Soundstage : sangat kerasa lebih luas. Perbedaan dari masing-masing instrumen yang dimainkan cukup terasa, di bagian kanan/kiri dan di depan/belakang.

Kesimpulan

Overall, DAC Aune B1S punya packaging yang cukup kuat dan aman, juga punya desain dan bentuk yang modernistik, dengan sentuhan alumunium dan bahan kulit di keseluruhan bodi.

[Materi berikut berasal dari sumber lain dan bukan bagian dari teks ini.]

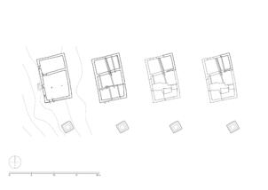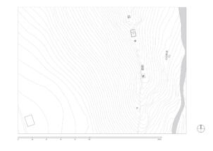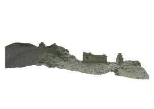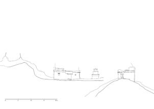 According the topography the temple is north-south oriented, with the entrace on its southern side. The structure consists of a small assembly room (5.30 x 5.90 metres) and an adjoining sanctuary (5.30 x 3.00 metres). The room height up to the fragmentarily preserved ceiling beams is between 2.00 and 2.20 meters. The outer walls are made of stone masonry and are up to 4.20 meters high on the north side – where the masonry meets natural rock – including the rooftop structure above the altar area. On the other facades the masonry ends at around 2.90 to 3.00 meters. A strong deformation of the rising masonry can be seen on the eastern facade, where the wall reaches down almost two meters below the floor of the assembly room to level the terrain. A bricked-up entrance opening to the assembly room is visible on the west façade.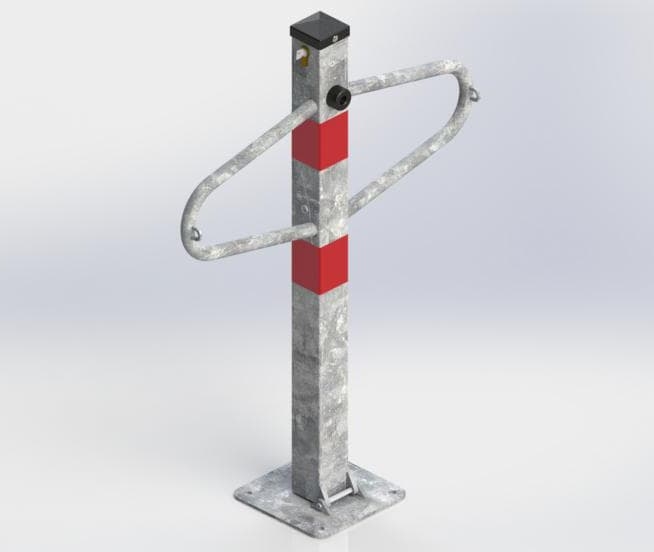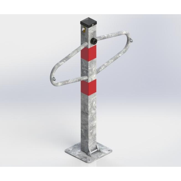 Die klappbare Version wird bequem mit einem Dreikantschlüssel entriegelt. Nach dem Öffnen klappt der Pfosten flach auf den Boden, beim Hochklappen verriegelt er automatisch. Zwei Reflexstreifen machen ihn auch bei Dunkelheit oder schlechter Sicht sofort erkennbar.

Tak lupa, dua kaca depan yang memperlihatkan sirkuit dari DAC ini membuatnya jadi lebih futuristik, selain ia menggunakan DAC chip ES9038Q2M. Dengan karakter nya yang Balanced to Bright dan kisaran harga kurang dari 2 jutaan, ini akan sangat worth it sekali. Cocok untuk kalian penyuka genre Pop, Rock, Folk, Alternatif dan Instrumental.